1, 2 Semiconductor device 10 P-channel type MOS field effect transistor (heat generation source)
10S source region 10D drain region 10G gate oxide film 20 operational amplifier 30 overheat protection circuit 31 npn bipolar transistor (thermal detection element)
32 band gap power supply section 33 to 35 resistance 36, 37 inverter 40a, 40b resistance 50, 60 wiring pattern 60X heat conducting member (a part of the wiring pattern 60 is diverted)
70, 80 Pad 90 heat conduction member (dummy wiring pattern)
101 to 103, 111 to 115 Wiring pattern 104, 116 to 118 Via 200 Buffer zone 210H P-channel type MOS field effect transistor (heat generation source)
210L N-channel MOS field effect transistor (heat generation source)
220 driver 230 overheat protection circuit 231 heat detecting element 240, 250, 260 wiring pattern 260X heat conducting member (a part of the wiring pattern 260 is diverted)
270, 280, 290 Pad L1 to L3 Wiring layer X Personal computer Y Television

Claims (5)

A heat source and a heat detection element formed on a semiconductor substrate;
A heat conducting member having a thermal conductivity higher than that of the semiconductor substrate and formed over both the heat generating source and the heat detecting element;
Consist of integrating
The heat generation source is a power transistor whose switching is controlled,
The heat conduction member is not electrically connected to the heat detection element among a plurality of wiring patterns electrically connected to the heat generation source, and is a part of a ground line with the least noise superposition.
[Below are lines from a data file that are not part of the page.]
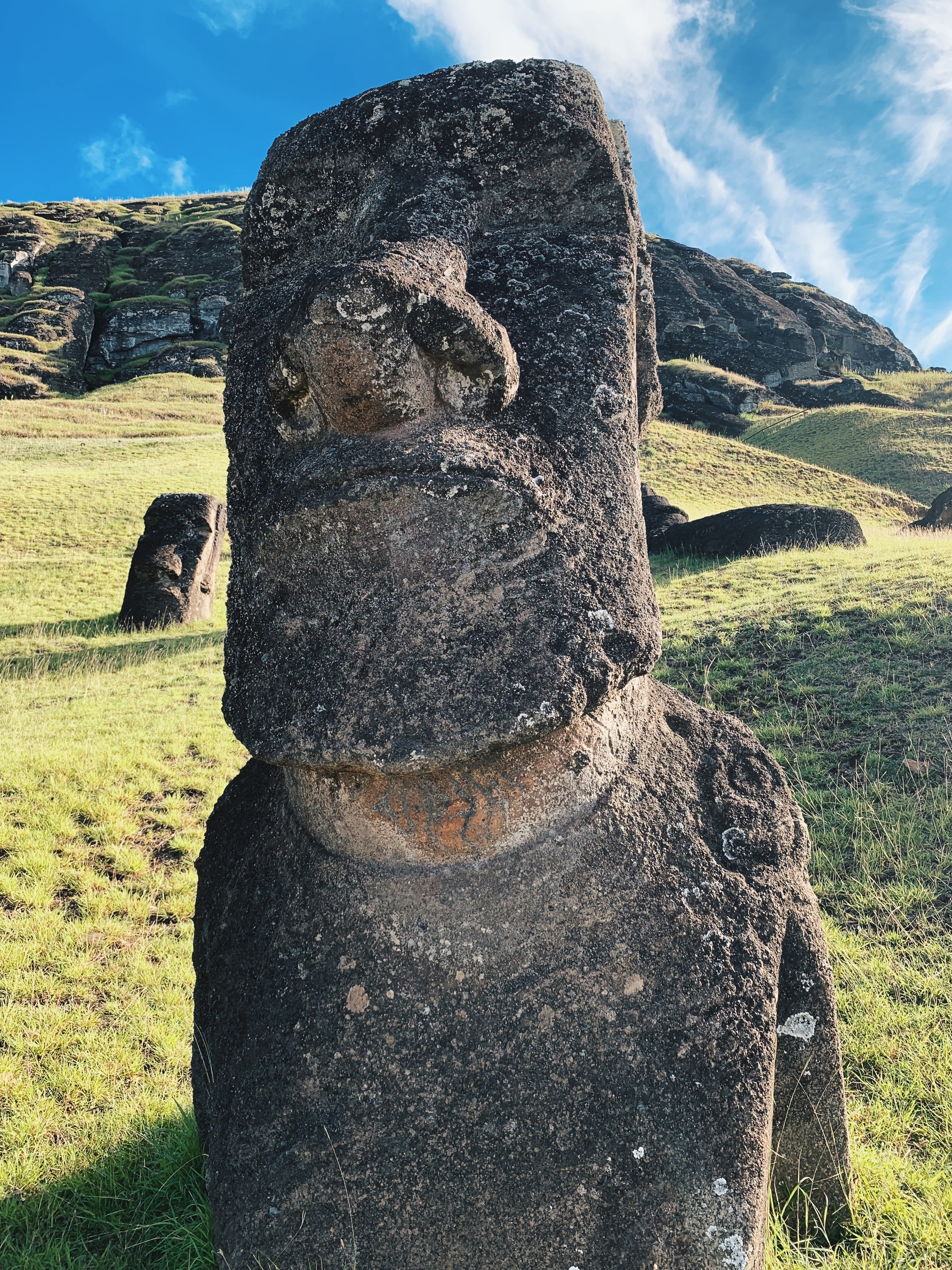 From there, we went to another popular site – Rano Raraku. This was just a couple km’s away from Tongariki and is best known for the quarry where the moai were carved and then carried to other parts of the island. What is soo cool about this site is that it has such a large collection of moai, all of which are in different stages of development. This is the best place to just “walk among” the moai and gain a better understanding and respect for the sheer size. What blew me away was that in many of the pictures, you just see the heads, whereas these are primarily full bodies being carved and the head is about 1/4 the size of the full statue – really incredible. This was probably Sarah and my favorite site on the island.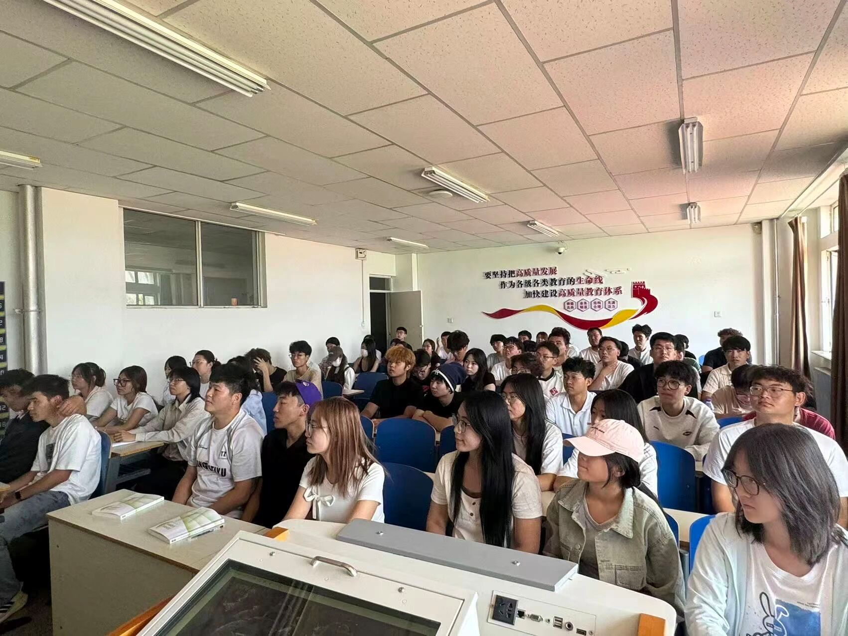 2025年9月3日,中国人民抗日战争暨世界反法西斯战争胜利80周年纪念日,计算机与信息技术学院组织全体师生在百年讲堂观看盛大阅兵仪式。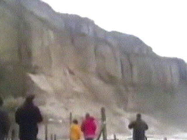 Un grupo de turistas en Inglaterra lograron registrar en video los precisos instantes que un acantilado se derrumba. No se reportaron víctimas que lamentar.
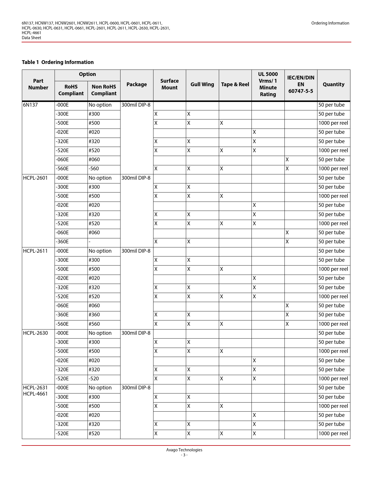 6N137, HCNW137, HCNW2601, HCNW2611, HCPL-0600, HCPL-0601, HCPL-0611, Ordering Information HCPL-0630, HCPL-0631, HCPL-0661, HCPL-2601, HCPL-2611, HCPL-2630, HCPL-2631, HCPL-4661 Data Sheet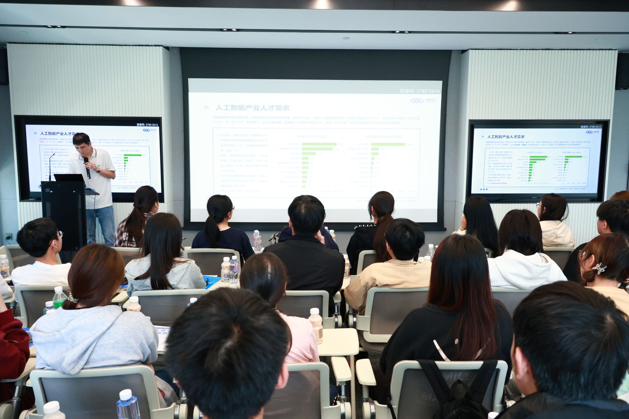 下午,解决方案经理曾德清开展“拥抱产业新蓝海:高校人才成长路线规划”讲座。他首先介绍企业概况,详解人工智能相关竞赛及参与渠道,强调了行业对人工智能领域的重视;随后分享借助DeepSeek、豆包等AI工具赋能专业学习的实用方法,解析AIGC、大模型、智能体的应用场景,并为不同年级学子量身定制了成长建议:大一拓宽视野、筑牢根基,大二考取证书、竞赛赋能,大三聚焦实习、提前布局。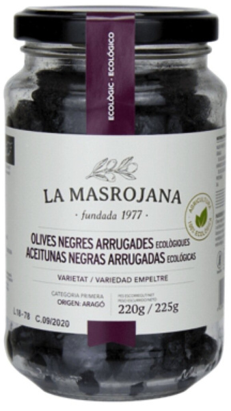 Bio suhe črne olive Empeltre z ekstra deviškim oljčnim oljem, La Masrojana, 220 g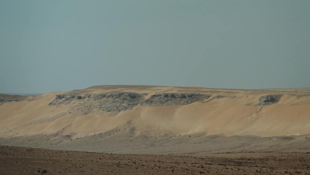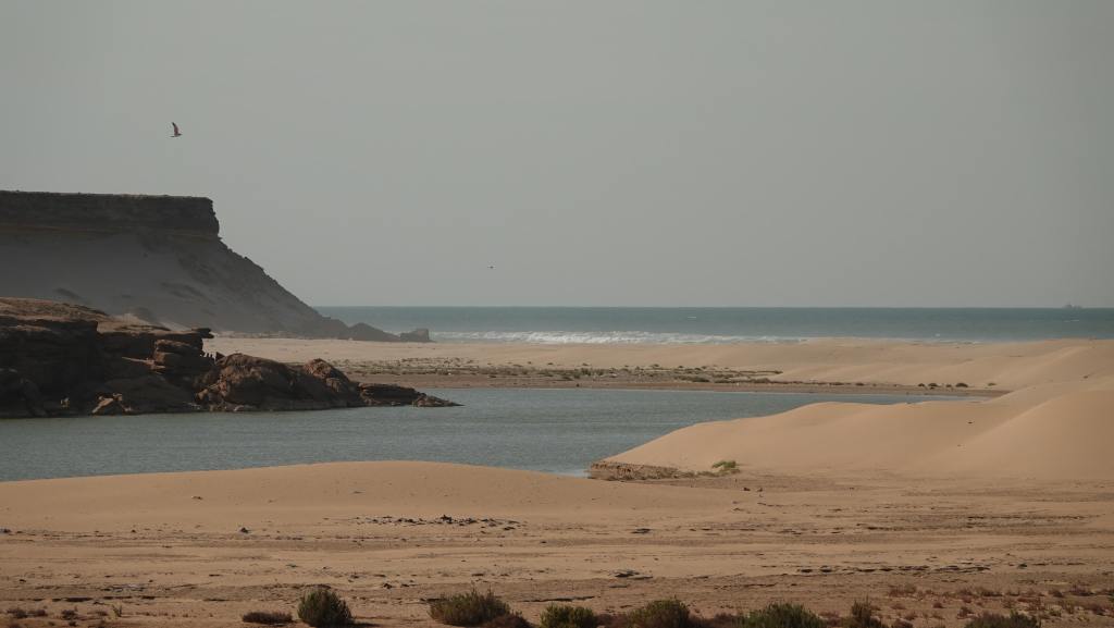 Après le petit-déj à la française, nous quittons la Courbine d’Argent, pour nous rendre à quelques kilomètres, au Parc National de Naïla ou Khenifiss : il s’agit d’un « fjord » bordé d’un désert de dunes, un erg. Le vent s’est levé et la route est déjà balayée par le sable.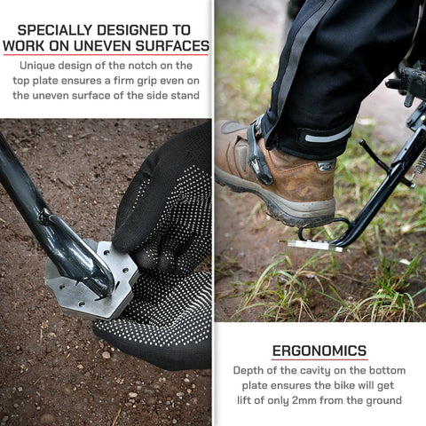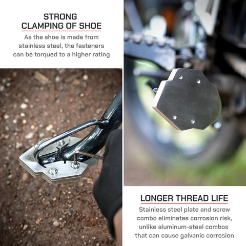 A sidestand shoe improves stability, especially when parking on softer surfaces where your bike would otherwise easily lean over. Our sidestand shoes are specifically designed and made with precision for different types of motorcycles using high quality materials and components. ViaTerra sidestand shoes provide a much larger footprint for your motorcycle, improving stability when parked on uneven or soft surfaces. It makes the side-stand base wider to spread the weight and prevent the bike from sinking into the ground. This is essential for riders exploring new trails or touring where they might encounter different types of surfaces.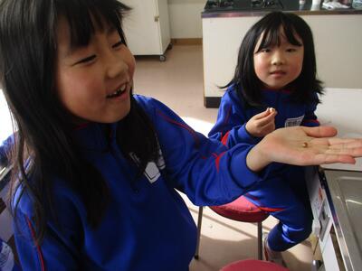 生活科では、このような気付きも大切です。破裂しない種もあることを知ったり、この種をもう一度火にかけたらどうなるか、そんな疑問をもったりすることも生活科ならではの学びです。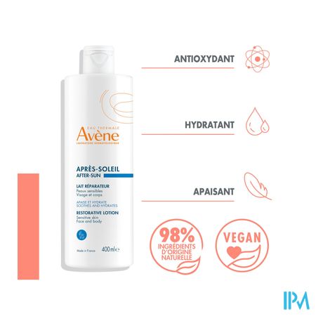 De Aftersun melk, rijk aan Thermaal water van Avène en verrijkt met antioxidanten en herstellende jojobaolie, kalmeert onmiddellijk de gevoelige huid die na blootstelling aan de zon oververhit is geraakt. De romige, smeltende textuur zorgt voor een aangenaam gevoel van intense verfrissing. De formule hydrateert de huid van het gezicht en lichaam langdurig, tot wel 48 uur lang*, en omhult haar met een delicate geur. Het is geschikt voor het hele gezin, ideaal voor volwassenen en kinderen vanaf 2 jaar. Uit respect voor het milieu is de ecologisch ontworpen flacon gemaakt van 100% gerecycleerd en recyclebaar plastic.

Of the first wiring layer formed on the semiconductor substrate and the second wiring layer laminated on the semiconductor layer and having a higher thermal conductivity. A semiconductor device characterized by using a second wiring layer. The first wiring layer includes a first wiring pattern electrically connected to the heat generation source, and a second wiring pattern electrically connected to the heat detection element.
The second wiring layer includes a third wiring pattern formed across both the heat generation source and the heat detection element.
The first wiring pattern and the third wiring pattern are electrically connected, while the second wiring pattern and the third wiring pattern are not electrically connected.
2. The heat conduction member according to claim 1, wherein an extension portion of the third wiring pattern, which is drawn from the edge of the heat source toward the heat detection element, corresponds to the heat conduction member. Semiconductor device.   A buffer band is provided between the power transistor and the overheat protection circuit including the heat detection element to prevent a malfunction of the overheat protection circuit due to switching noise accompanying on / off of the power transistor. The semiconductor device according to claim 1. The power transistor includes an upper power transistor and a lower power transistor connected in series between the power supply terminal and the ground terminal,
The heat conduction member may be formed by drawing a part of the ground line laid between the lower power transistor and the ground end to the upper part of the heat detection element. The semiconductor device according to any one of claims 1 to 3.   An electronic device comprising the semiconductor device according to any one of claims 1 to 4.